Furthermore, we discover that if something naturally has a density less than the liquid, so that it wants to float, a total energy $(\rho_\ell - \rho_o) V g h$ will be liberated by allowing it to float upwards be a height $h$.

(We can also now understand why logs prefer to float lengthwise -- water wants to be lower more than the log does so the log tries to concentrate its mass up at the surface of the water. And we can understand the more general case of stuff floating "out of" water: the only thing that the water notices is the "submerged volume" $V_s$ below the water line, which as far as the water is concerned bears the whole mass $m$ of the ship/log/whatever. So it has an effective density $\rho_e = m / V_s$ -- but since it's neither floating nor sinking, $\rho_e = \rho_\ell$ and we can therefore calculate $V_s = m / \rho_\ell$ to figure out how much volume gets submerged.)

How this applies to your case

When you shove the log into the water, you must therefore also displace the water, essentially pushing a "box" of water from the bottom to the top of the water column. This costs you an up-front energy $\rho_\ell~V~g~H$ just to shove the log into the water.

Now suppose that you tied the log to some very thin but strong fishing line, which goes out the bottom of the rig: it pulls a flywheel via some gearing mechanism. So every tiny bit of energy that this system gets by floating upwards is now going to be harvested into this flywheel. (Maybe we then want to use that energy to shove other logs into the water column?)

Well, we find that we spent an energy $\rho_\ell~V~g~H$ but in ideal circumstances we recover an energy $(\rho_\ell - \rho_o)~V~g~h,$ leaving us with the net deficit $-\rho_o~V~g~H$ which we have to supply from some external means. But... that's just the energy that you'd need to supply via any mechanism to lift that log.

A similar situation happens, for example, if you try to slurp up a volume $V$ of liquid at the bottom as the log goes in (zero cost to get in, yay!) and then let it float to the top. You get lifting for free, hooray! Except... now you've lost a volume $V$ from your reservoir, and if you ever want to put it back in, you're going to have to pay that cost to lift a volume $V$ of water back to height $H.$ You just used the water column itself as a "waterfall" of sorts to power the lifting of the log.


When you put the log inside (from the side) you need to place the water from the log position somewhere else. The relevant "somewhere" is at the surface of the tank, so you have to lift the water there (it takes a lot of energy to get a log-equal volume of water to the roof level). The surface is now higher than before (the log-equal volume divided by the area of your tank top).

When the log floats up, the water goes under it (a lot of friction is involved here, some energy get converted to warmer water, but you would probably not notice it).

When the log reaches the top (and everything is quiet some time after), the level of water surface will be a little higher than before you inserted the log, as the log still occupies some space in the tank (enough that a volume of water with weight equal to the weight of the log is displaced - ask Archimedes for more details).

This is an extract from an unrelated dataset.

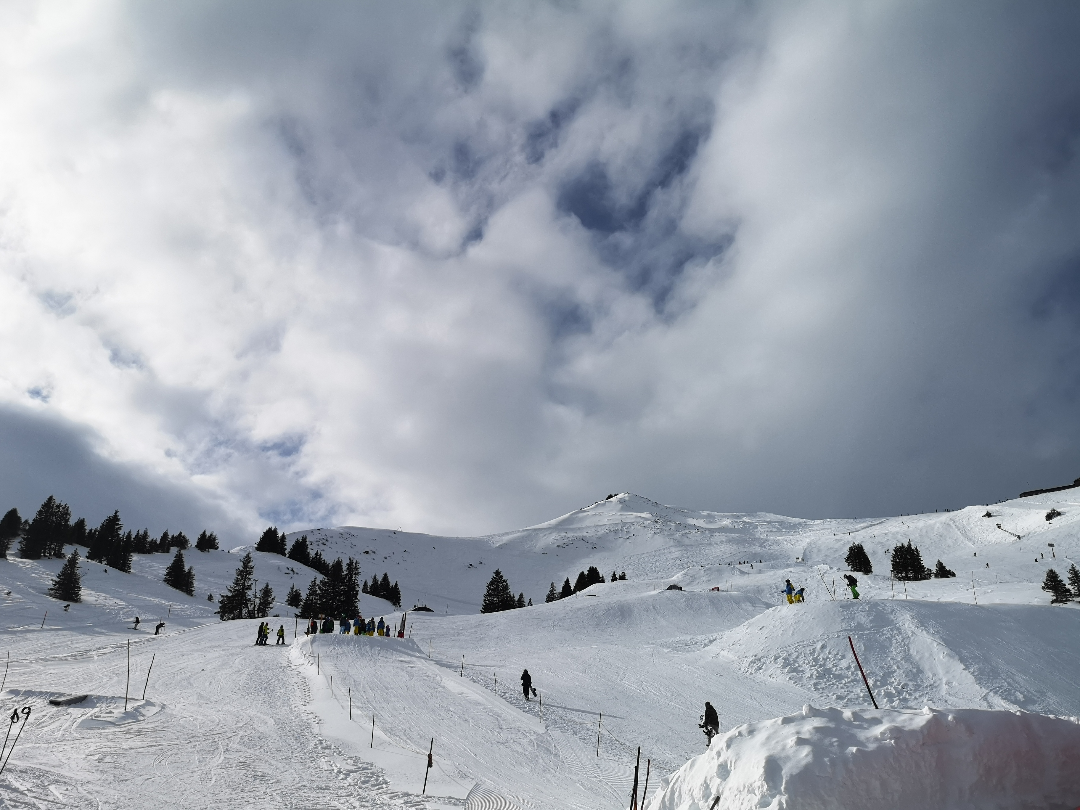 Im Skigebiet wurde dann im Laufe des Nachmittags eine Piste nach der anderen geöffnet, nachdem die Lawinen abgesprengt worden waren und die meisten von uns fuhren bis zum Liftbetriebsende.

Finally, when you remove the log on the roof, you return the surface level to its starting position (minus water spilled and soaked into the log).


Should you use some pipe for inserting the log and avoid lifting the water up, but just remove it from other side, the insertion could be easier, but afterwards there would be less water in the tank and lifting the water up to return it would you cost the energy which you borrowed to lift the log (with the "trick" with pipe).